--- START ---
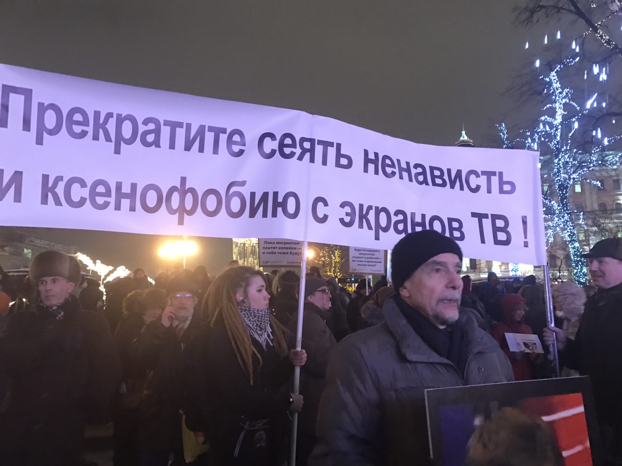 Часть людей пришли с антифашистскими плакатами: «Будь солидарен с мигрантом, студент и рабочий — он тоже нормальной жизни хочет!», «Пока мигрантам платят копейки — и тебе тоже будут!», «Единство в борьбе, а не в бесправии».
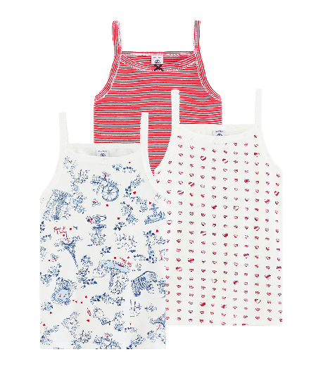 У комплекті три майки на бретелях для дівчинки. Відомо, що майка - це основа гардеробу, тому вона завжди потрібна. Матеріал виробу виготовлений зі сертифікованої бавовни, що надає впевненості в її якості та безпечності. Склад: 100% бавовна
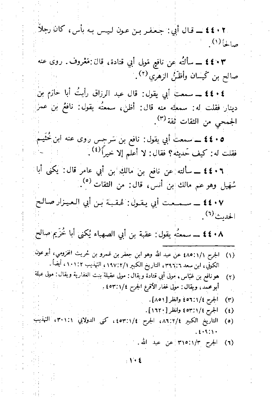 4404 - سَمِعت أبي يَقُول قَالَ عبد الرَّزَّاق رَأَيْت أَبَا حَازِم بن دِينَار فَقلت لَهُ سمعته مِنْهُ قَالَ أَظن سمعته يَقُول نَافِع بن عمر الجُمَحِي من الثِّقَات ثِقَة
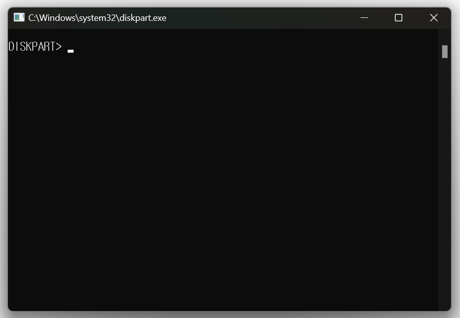 디스크가 장착된 iODD를 USB포트에 연결 후 cmd나 PowerShell에서 diskpart 명령을 입력하여 DiskPart를 실행한다.
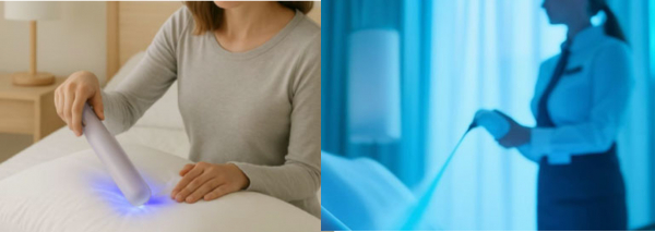 起床後、枕の表面を照射することで細菌などを低減。
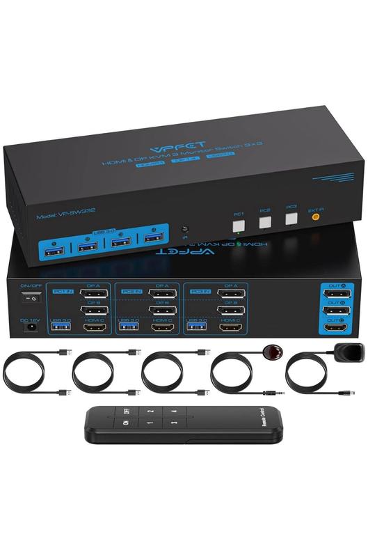 Свич kvm переключатель vpfet hdmi dp kvm 3 monitor switch 3x3 на 3 мониторы та 3 компьюте...
--- END ---
**REQUIRED WORK**. No pictures belong in the copy. Transcribe every entry exactly.

**WRITTEN SOLUTION**.
 Часть людей пришли с антифашистскими плакатами: «Будь солидарен с мигрантом, студент и рабочий — он тоже нормальной жизни хочет!», «Пока мигрантам платят копейки — и тебе тоже будут!», «Единство в борьбе, а не в бесправии».
 У комплекті три майки на бретелях для дівчинки. Відомо, що майка - це основа гардеробу, тому вона завжди потрібна. Матеріал виробу виготовлений зі сертифікованої бавовни, що надає впевненості в її якості та безпечності. Склад: 100% бавовна
 4404 - سَمِعت أبي يَقُول قَالَ عبد الرَّزَّاق رَأَيْت أَبَا حَازِم بن دِينَار فَقلت لَهُ سمعته مِنْهُ قَالَ أَظن سمعته يَقُول نَافِع بن عمر الجُمَحِي من الثِّقَات ثِقَة
 디스크가 장착된 iODD를 USB포트에 연결 후 cmd나 PowerShell에서 diskpart 명령을 입력하여 DiskPart를 실행한다.
 起床後、枕の表面を照射することで細菌などを低減。
 Свич kvm переключатель vpfet hdmi dp kvm 3 monitor switch 3x3 на 3 мониторы та 3 компьюте...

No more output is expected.